BUAH USAHA

5.2K 534 66
                                    

Di ruang tengah rumah yang luas dan mewah, Mora dan Choky sedang membicarakan sesuatu.

"Pa, apa tidak sebaiknya kita carikan rumah untuk Al sama Ily? Mama khawatir dengan usia kandungan Ily," ujar Mora hati-hati.

"Jangan dulu, Papa mau lihat usaha Al sampai di mana. Kalau melihat dia, Papa yakin, dalam waktu dekat, dia akan datang ke sini meminta bantuan," jawab Choky santai sambil membaca buku.

"Halah, Papa ini! Tahu dari mana Al dalam waktu dekat datang ke sini?" cibir Mora yang tidak percaya dengan ucapan suaminya itu.

"Kemarin dia telepon Papa, minta dicarikan rumah, secukupnya uang yang dia punya," jawab Choky datar tanpa menoleh Mora.

"Uang dari mana mereka?"

"Hasil jual apartemen Al dulu waktu masih di Jakarta."

"Terus Papa sudah carikan?"

"Belum."

"Kenapa belum?"

"Dia belum kasih Papa uangnya."

"Kenapa enggak kita saja yang membelikannya, Pa?" sahut Mora kali ini membuat Choky menatapnya tajam.

"Enggak! Itu akan membuat mereka manja dan enggak mau berusaha. Kita bisa saja mencukupi mereka, tapi apa Mama mau, mereka selalu bergantung dengan kita? Mama enggak mau melihat mereka berusaha?" ujar Choky membuat Mora berpikir keras.

Di sisi lain, Mora tidak tega melihat kondisi rumah tangga keponakannya itu, tetapi betul juga apa yang dikatakan Choky.

"Iya deh, Pa, kita lihat saja usaha mereka dulu sampai mana. Semoga saja Al segera mendiskusikan masalah ini dengan kita, Pa," kata Mora dijawab anggukan Choky.

***

Pagi-pagi sekali Al dan Ily sudah berada di rumah Choky. Benar apa yang sudah dibahas Choky dan Mora kemarin malam. Al datang pagi ini, mendiskusikan rumah yang akan dia beli.

"Gimana, Al, sudah dapat rumahnya?" tanya Choky memecah keheningan.

"Begini, Om, saya sudah dapat rumah yang cocok dan dekat dengan pelabuhan. Tapi uang yang saya punya kurang," jelas Al sungkan.

"Terus mau kamu bagaimana?" tanya Mora santai, duduk di samping Choky.

"Kalau boleh, saya mau pinjam uang buat menutup kekurangannya, biar kami mendapat tempat tinggal dulu," ujar Al hati-hati dan sungkan.

"Kamu punya uang berapa?" tanya Choky.

"Cuma 200 juta, Om. Saya tanya harga rumah itu 350 juta, masih bisa dinego," jelas Al ditanggapi Choky dengan anggukan paham.

"Oke, kita bantu kamu, tapi soal pembayaran utang, kamu harus mencicil per bulan, bagaimana?" tanya Choky berniat ingin menguji Al.

Bukan persoalan uang, Choky hanya ingin mendidik kedua keponakannya itu agar bertanggung jawab dan menepati janji. Janji adalah utang dan itu harus dibayar.

"Baiklah, Om, potong saja gaji saya setengah untuk mencicilnya," jawab Al mantap dan dia sudah yakin dengan keputusannya itu.

Yang Al pikirkan hanya ingin menempatkan Ily di tempat yang lebih layak daripada tempat yang sekarang sebelum dia melahirkan.
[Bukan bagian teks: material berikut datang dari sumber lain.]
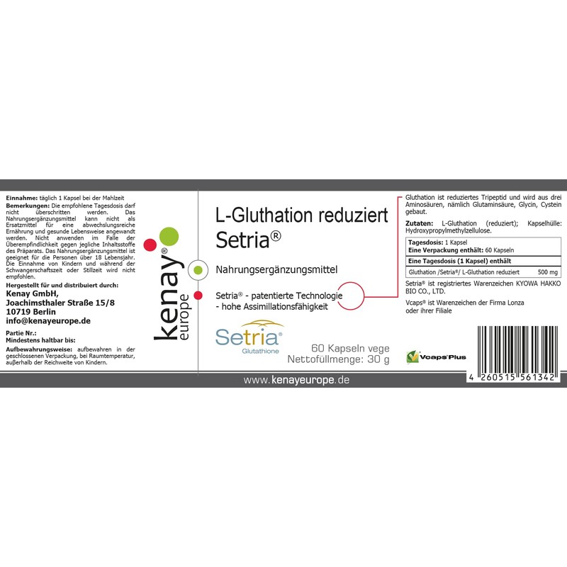 • Ingredients: L-gluthation (reduced); capsule shell: hydroxypropyl methyl cellulose.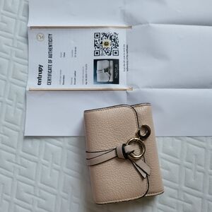 This Chloe wallet showcases a sophisticated tan leather exterior with a pebbled texture, complemented by gold metallic accents. Its minimalist design features a unique closure system with a leather strap and metallic ring, offering both style and functionality. Pristine Condition, COA is included!!!!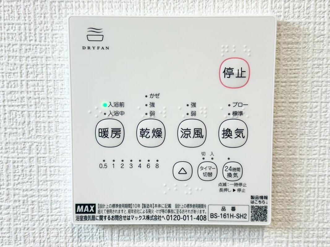浴室には乾燥機完備です!雨天での洗濯物の乾燥に困りません。冬には浴室を温めヒートショックを防げます!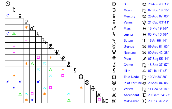 Sun | 28 Aquarius 50 | 29 Aquarius 17 | 25 Pisces 54 |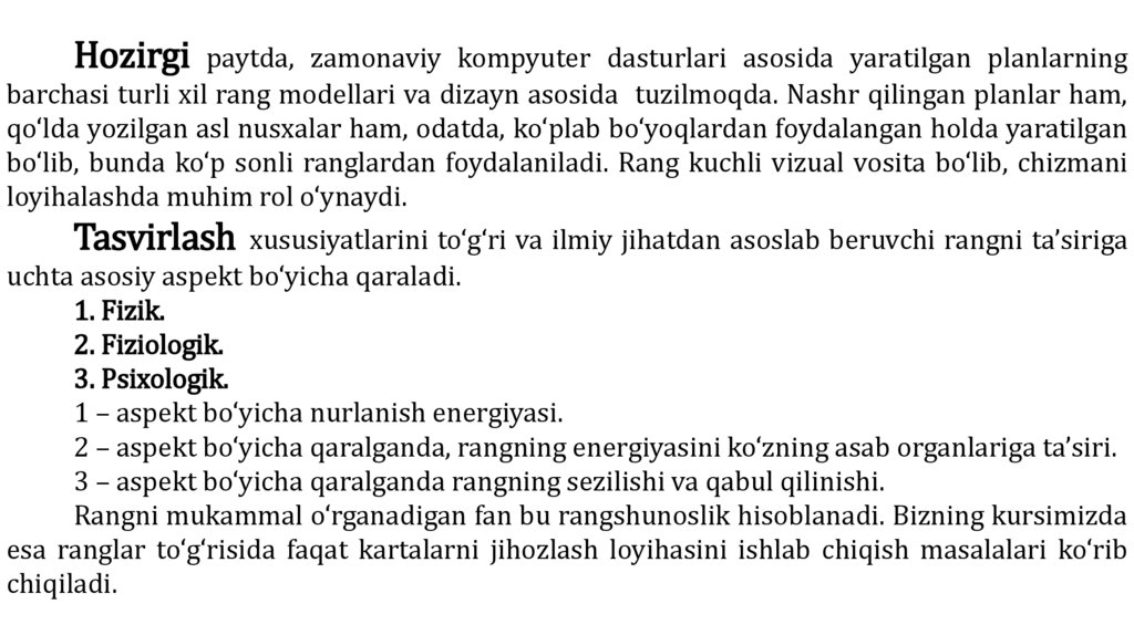 bo‘lib, bunda ko‘p sonli ranglardan foydalaniladi. Rang kuchli vizual vosita bo‘lib, chizmani

"Kapan kita datangi rumah itu? Sekarang?" ujar Choky enteng membuat Al tak percaya, semudah itukah omnya mengeluarkan uang besar itu dalam sekejap?

"Kalau Om enggak keberatan, boleh kita berangkat sekarang."
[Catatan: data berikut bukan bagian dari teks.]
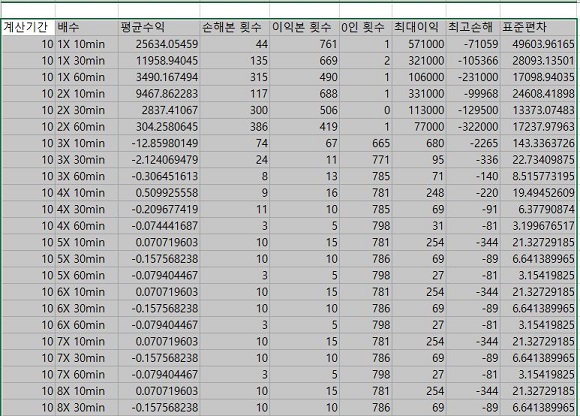 그리고 나서 여기서도 역시나 1배수때와 마찬가지로 계산에 동원된 분봉의 갯수가 많아지면 많아질 수록 이익은 적게 보고, 손해는 많이 본다는 현상이 지속되고 있습니다.
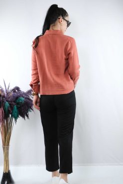 Moda Çizgi Taşlı Keten Gömlek MC2301 Mercan
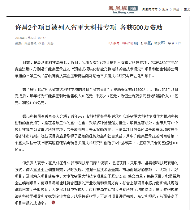 許昌恒生制藥有限公司的項(xiàng)目被列入省重大科技專(zhuān)項(xiàng)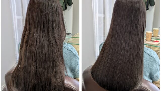 新潟店のトリートメントエステの施術実績 トリートメントエステで潤いました♪ dearsniigata 2023年4月3日 こちらのお客様は毛先のパサつきやダメージで絡まり、まとまりがないというのがお悩みでした😭 今回の髪の毛の悩みは薬剤の選定ミス、 髪の毛の乾燥が重なって起きていました そこでディアーズでは優しい薬剤を使用して やさしい施術をさせて頂きました❣ 髪の毛に栄養をたくさん入れたり、 保湿をしっかりすることで まとまりのあるサラサラ髪になりました✨ お客様からは 「まとまりが違いますー🙌」 と喜んで頂けました!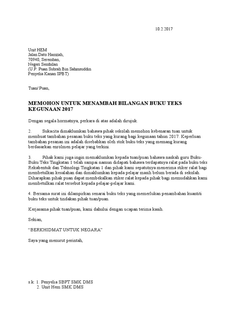 Surat Permohonan Penambahan Buku Teks Pdf

"Tentu enggak, Al. Justru kami senang, berarti ada kemajuan dalam hidupmu dan Ily. Enggak hanya jalan di tempat, walau baru satu tangga, tapi Tante harap kamu dan Ily melewati setiap tangga itu bersama agar kalian bisa mencapai tangga teratas bersama juga," sahut Mora antusias karena ternyata Al menunjukan perubahan yang positif.